Budget 2022: How India’s upcoming budget tackles the ongoing challenges of modernisation and indigenisation can impact the trajectory of India’s defense policy.

By Aman Thakker  Jan 28, 2022 6:44:33 PM IST (Updated)


As India’s Finance Minister Nirmala Sitharaman prepares to announce India’s budget for the fiscal year (FY) 2022-2023, she will be weighing several domestic priorities with the ongoing and pressing external challenges India continues to face. Whether on land in the Himalayas along the line of actual control, or the high seas of the Indian Ocean, India continues to face serious challenges that it must tackle with finite resources and an economy still recovering from the impact of the Covid-19 pandemic. In the backdrop of such a threat environment, how India’s upcoming budget tackles the ongoing challenges of modernisation and indigenisation can impact the trajectory of India’s defense policy.
Military modernisation
The rise of India as an emerging power, as well as an evolving security environment, has been accompanied by a push for India to modernise its military. While India maintains a large defense budget — it spends nearly two percent of its gross domestic product on defense and had the third-largest defense budget in FY2021-22 — India’s military also requires urgent modernisation. In 2018, India’s then-vice chief of army staff, Lt. Gen. Sarath Chand testified before the Parliamentary Standing Committee on Defense that “Typically, any modern Armed Forces should have… one-third of its equipment in the vintage category, one-third in the current category, and one-third in the state-of-art category.” The reality he said, however, is quite different. “The state today is 68 percent of our equipment is in the vintage category, with just about 24 percent in the current and 8 percent in the state-of-art category.”
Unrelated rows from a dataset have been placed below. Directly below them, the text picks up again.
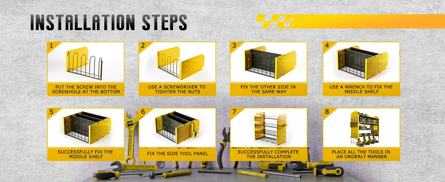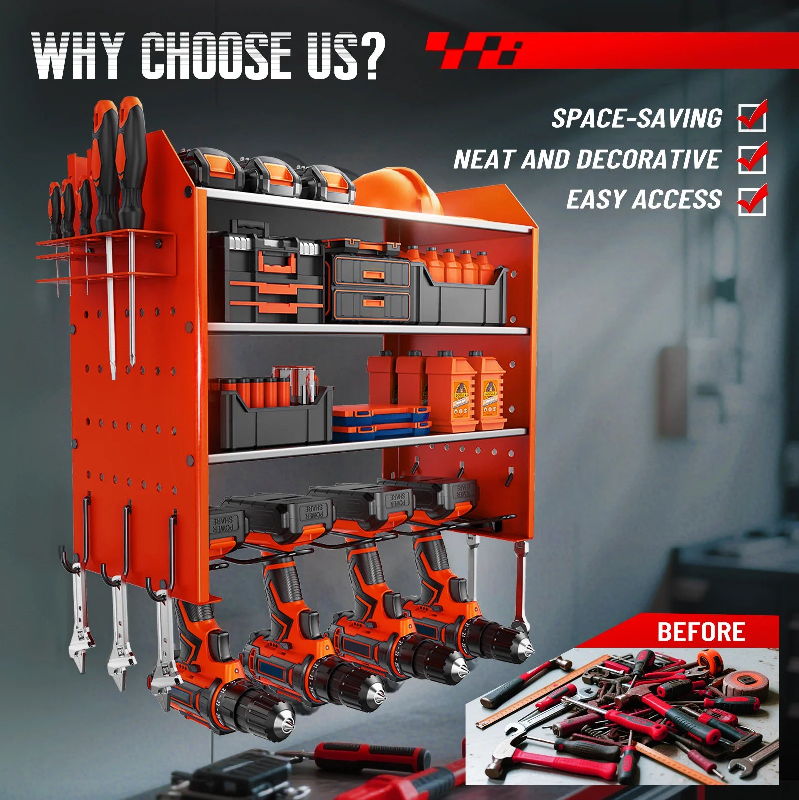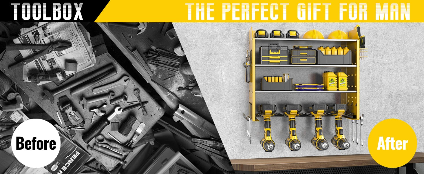 Transform your workspace with this professional-grade tool storage solution. Designed to keep your tools organized and easily accessible, this system maximizes wall space while providing secure storage for power tools, hand tools, and accessories.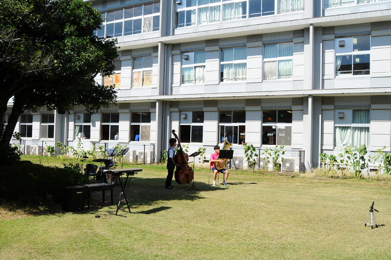 天気にも恵まれ、中庭のシンボル的存在の木の下で、とても楽しい充実した演奏経験となりました!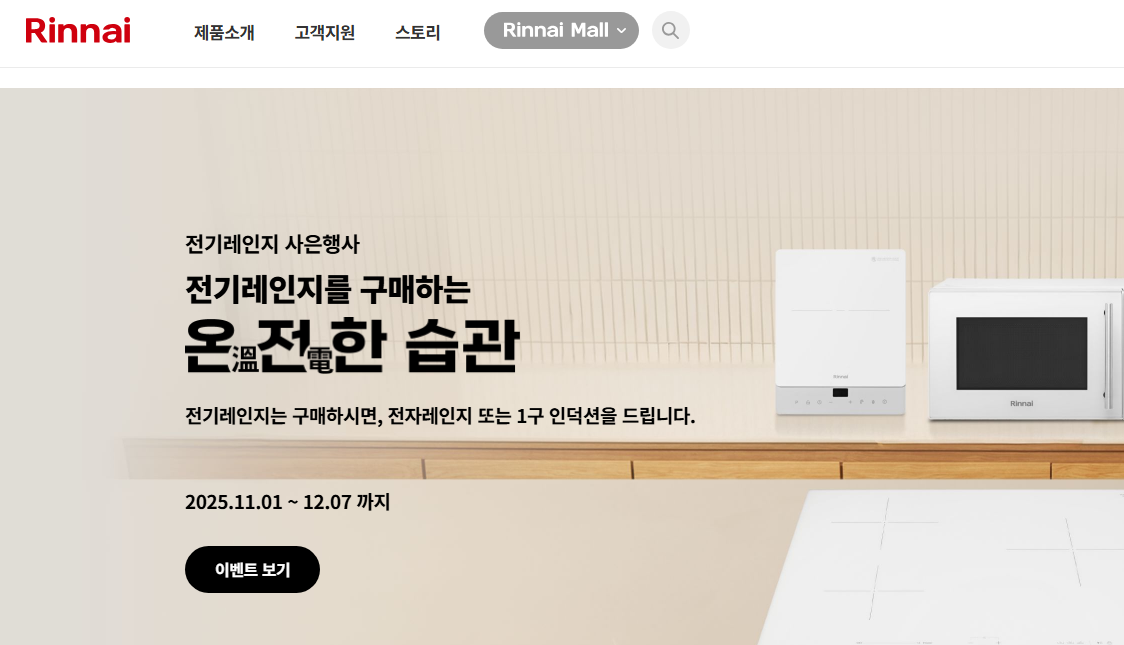 - 브라우저에서 린나이 공식 홈페이지에 접속합니다.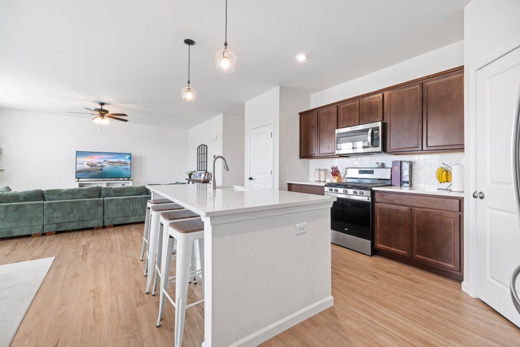 A premier house on a premier lot in the subdivision with a not-so premier price tag! Come check out this spacious, true 4 bedroom home with an open concept layout on the main level. Only 2 years old with all the smart capabilities and bonus smart fingerprint door locks. The primary bedroom has plenty of space for a sitting area and a delightful ensuite bath that will carry you away! Upgraded massive mirror with lights and a defogging feature. You'll love long, hot soaks in the tub, a separate tiled shower with glass door and a secured closet space. Enjoy a formal office space in the flex room at the front of the house that could also be a den or receiving room. There's another office space off the kitchen to meet the demands of modern day living. Great for the work from home crowd, kids study area or make it your home's command center. The kitchen and dining area are great for entertaining with easy access to the backyard and park. Custom vinyl blinds throughout the house will stay. Attached 2 car garage. Walking trails, shopping center across the street from the community. You'll love it here!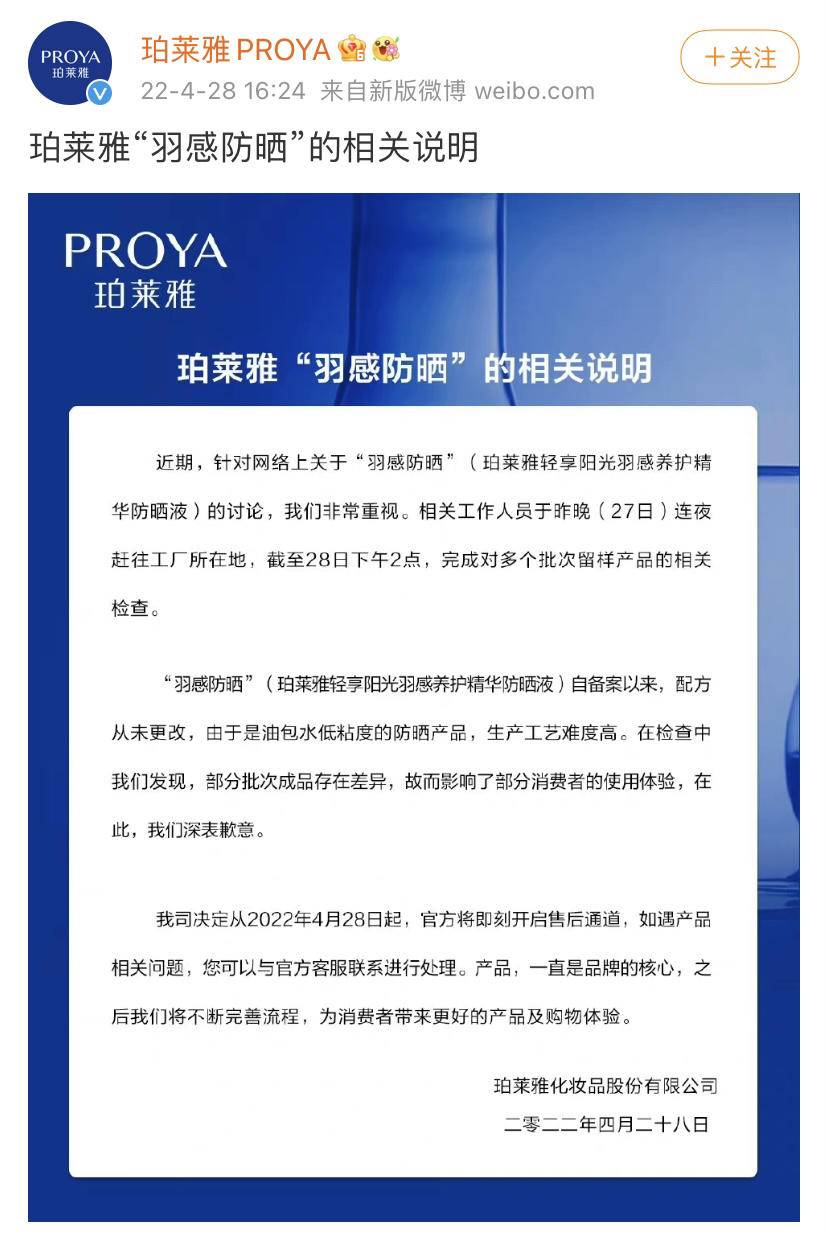 随后,珀莱雅在官方微博发布相关说明,回应称该款防晒自备案以来配方从未更改,由于是油包水低粘度的防晒产品,生产工艺难度高。另外,珀莱雅称检查中发现部分批次成品存在差异,影响了部分消费者的使用体验。扬子晚报/紫牛新闻记者咨询珀莱雅天猫官方旗舰店客服得知,已拆封使用的该款防晒也可以退货退款,运费由珀莱雅承担。记者还注意到,在珀莱雅天猫官方旗舰店,该款防晒已经下架。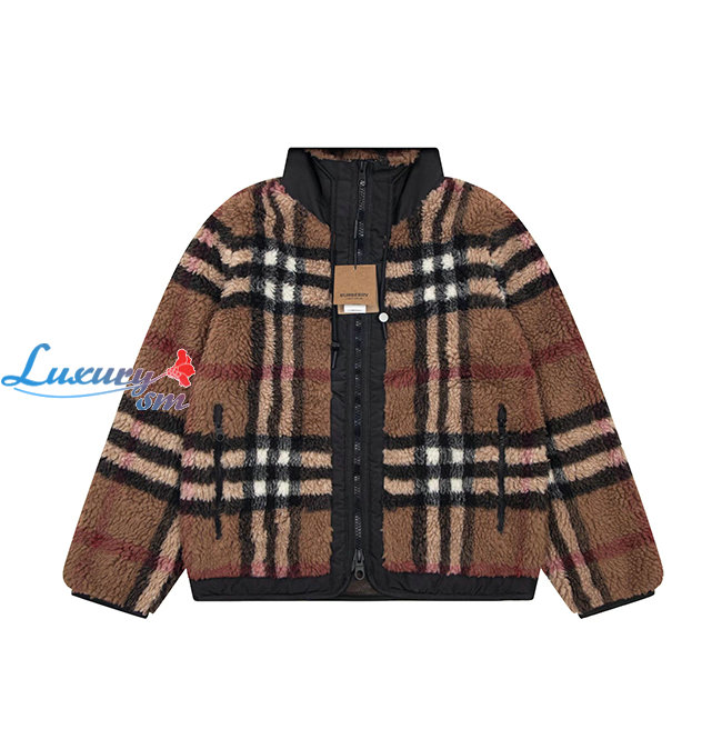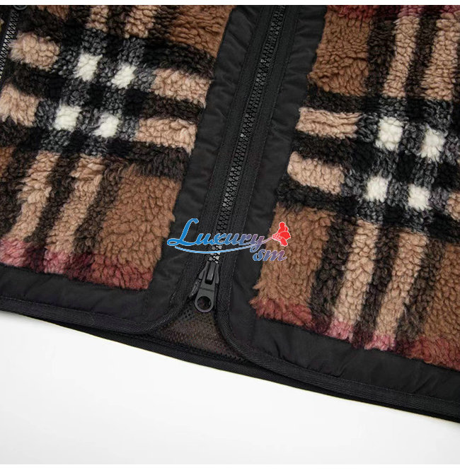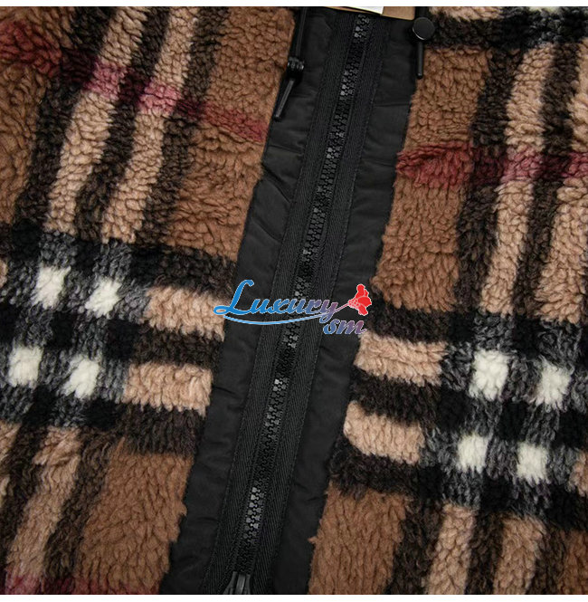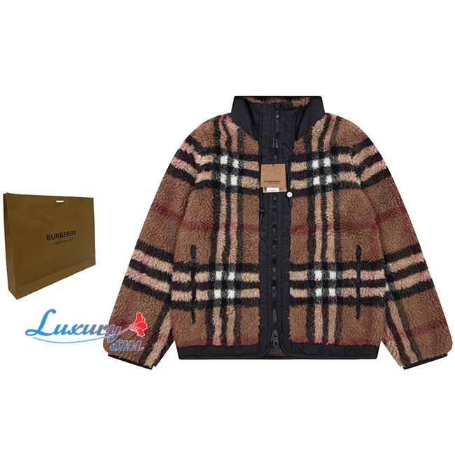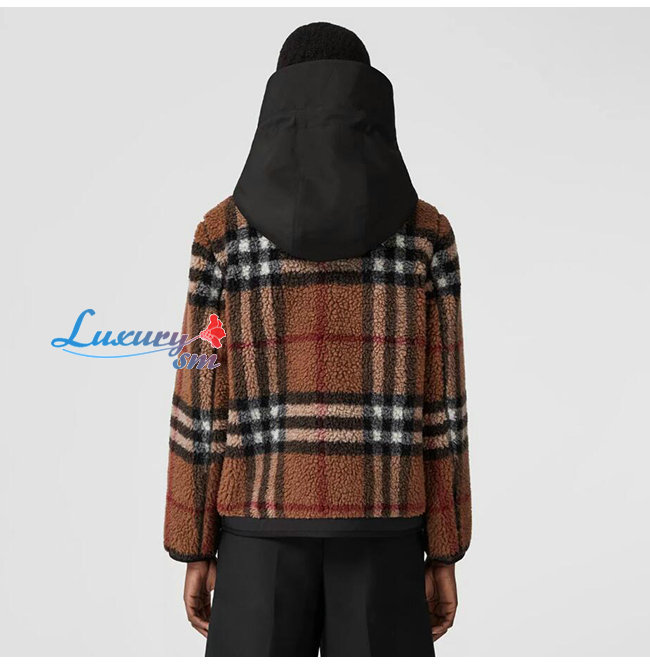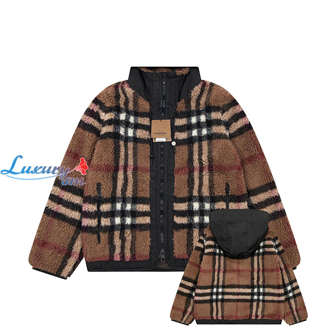BURBERRY-80586391 버버리 브라운 이그재저레이트 체크 플리스 후드 재킷 남여공용

Last year’s budget included provisions that were aimed at turning this situation around. Not only did the total allocation for defense for FY 2021-22, including pension-related expenditures, increase by 1.48 percent from Rs 4.71 lakh crore in FY 2020-21 to Rs 4.78 lakh crore in FY 2021-22, but the budgeted capital expenditure, which would support purchases of new equipment, would increase by 18.75 percent. However, despite this significant increase, it is clear that the liabilities from India’s existing pipeline of defense equipment it has already committed to purchasing would take up nearly 90 percent of the budgeted capital expenditure, leaving only a meager amount for additional modernisations. Moving forward, the budget will not only need to keep up this level of allocation of capital expenditure but take additional steps if the government wishes to significantly reduce the vintage equipment currently deployed by the armed forces.